Ей показалось, тельце телефона в ладони завибрировало энергией злобного посыла. Все-таки не сдержалась бедная Злата, отпустила на волю хамство. Видимо, сильно у нее хамство ядреное, волей неуправляемое. Тоже — своего рода беда…
— И не вздумай сама что-то предпринимать, слышишь, ты? — продолжал свирепствовать в трубке злобный посыл. — Просто сиди и жди. Его заберут через два часа. Ты ему никто, тебя ни в одной инстанции даже слушать не будут, поняла?
— Да, поняла. Я подожду… представителя. Можно, я отключусь? Уж больно слушать тебя невыносимо…
Эти два часа она плохо запомнила, если честно. Жалела потом, что не сосредоточилась, потратила драгоценное время на бездарные слезы. И лицо Павла плохо запомнила. И фотографии никакой не осталось — даже самой плохонькой…
А впрочем, лицо — не главное. Все равно она Павла никогда не забудет. И нескольких дней его жизни, и смерти. Да, и смерти! Он даже в смерти своей был очень убедителен. И потрясающе красив.
А потом в дверь вошли люди — четверо мужчин в строгих дорогих костюмах. Один из них подошел, спросил холодно:
— Вы Мария?
— Да. Я Мария.
И так же холодно кивнул, проговорил тихо:
— Все. Можете быть свободны. Ключи от квартиры куда занести?
— Положите под коврик, я позже заберу.
Она потом слышала, выходя из дверей, как он стоял у окна, прижав к уху мобильник, докладывал:
— Злата Юрьевна, мы на месте… Да, она ушла. Нет, ничего не сказала, просто ушла.
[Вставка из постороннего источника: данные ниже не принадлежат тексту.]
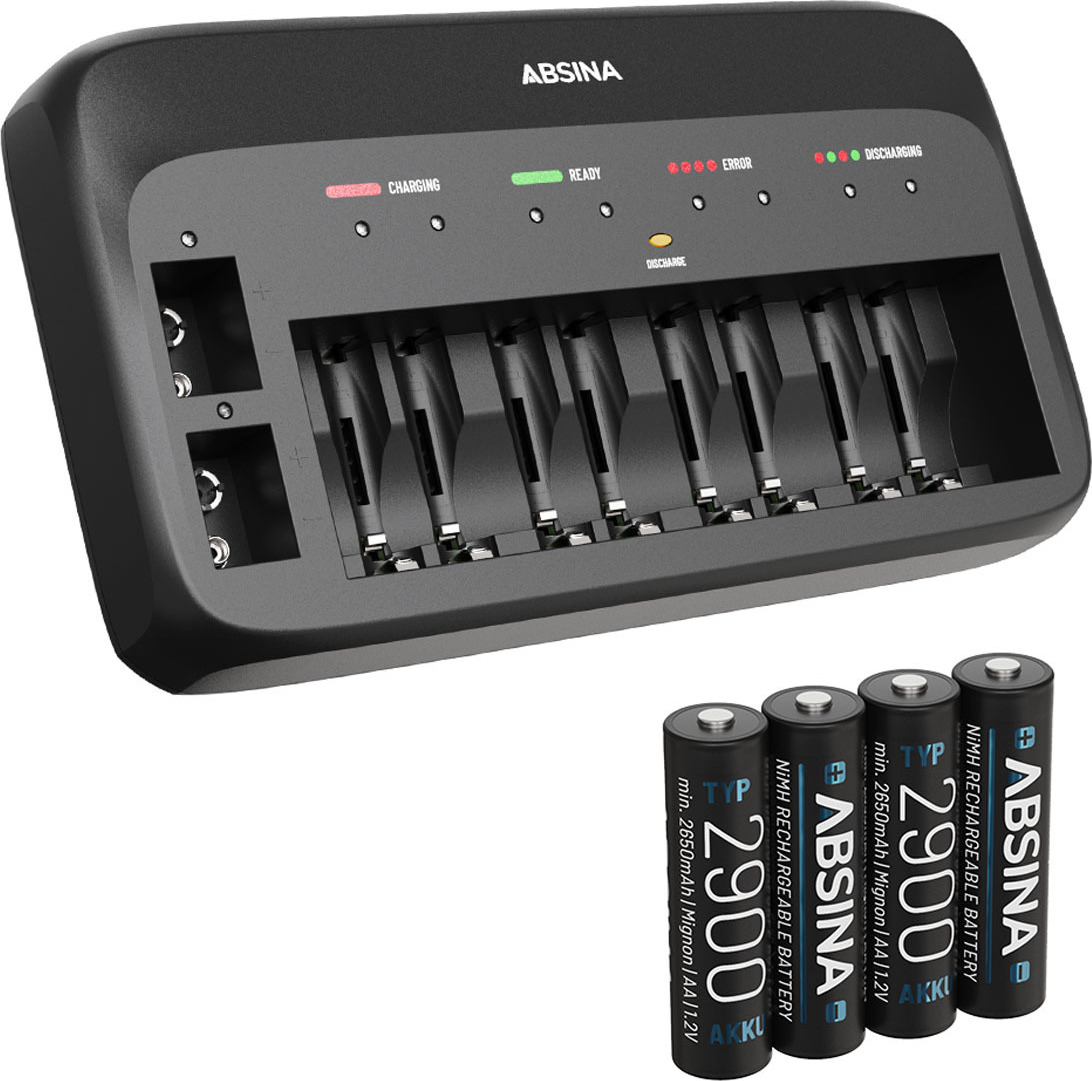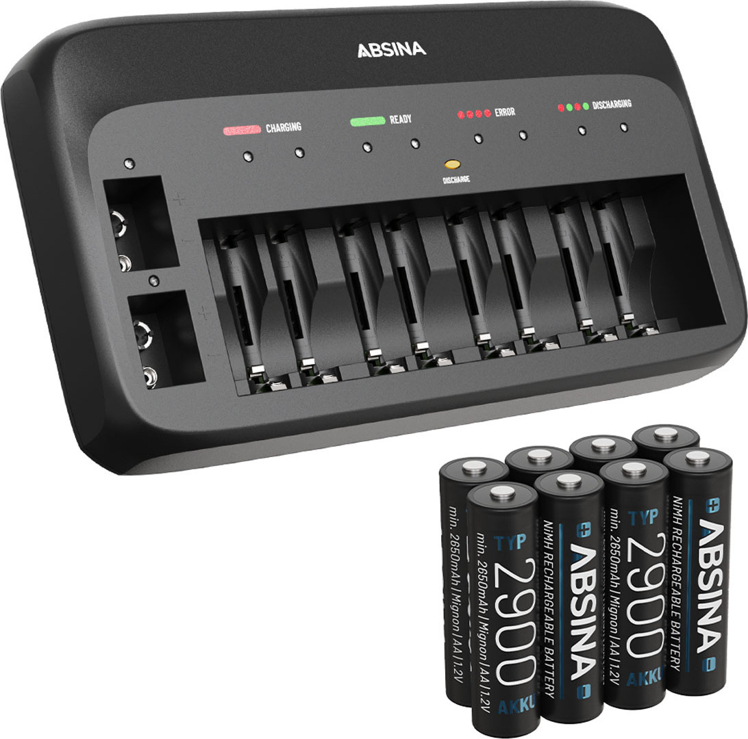 Auf Lager Versand durch AmazonABSINA Akku Ladegerät X10 für AA, AAA & 9V - Akkuladegerät inkl. 8X AA 2900 Akkus - NiMH Ladegerät 10-Fach für wiederaufladbare Micro AAA, Mignon AA & 9V Block Akkus - Batterieladegerät

Дома она тихо опустилась на кухонный табурет, сложила руки на столе. Подумалось — вот, жизнь. Обыкновенная жизнь, вечер, июнь, листья шелестят, пух тополиный летит. Из окна медленно наплывают сумерки, собираются в углах пугливыми тенями, боясь обеспокоить печальную хозяйку. Но стоит сделать шаг, дотянуться до выключателя, и…
И вспомнилось вдруг, ожгло мыслью — письмо! Неужели она письмо Павла забыла там, в квартире? Подскочила, кинулась ветром в прихожую, дернула «молнию» на сумке… Нет, не забыла. Вот оно. Надо еще раз перечитать…
Не успела — отвлеклась на звонок мобильника. Глянула на дисплей и даже не удивилась, чье имя на нем высветилось. Саша. Прошелестела в трубку вполне обыденно, будто ждала дома с ужином, а он на работе задерживался. По крайней мере, ей так показалось.
— Да, Саш… Слушаю тебя…
— Маш… Ты плачешь, что ли?
— Нет. Уже нет, по-моему.
— Но я слышу — плачешь. Что-то случилось, да?
— Да, случилось… Павла жалко… — вздохнула, прислушиваясь к своему голосу. И впрямь слезно звучит.
— А кто это — Павел? Хотя… У меня нет права спрашивать, да?
— Ну почему же, Саш. Павел — это Павел. Он мой друг, Саш. Вернее, больше, чем друг. Вернее, был друг… А теперь его нет. Он умер сегодня. Как это странно проговаривать вслух… У-мер…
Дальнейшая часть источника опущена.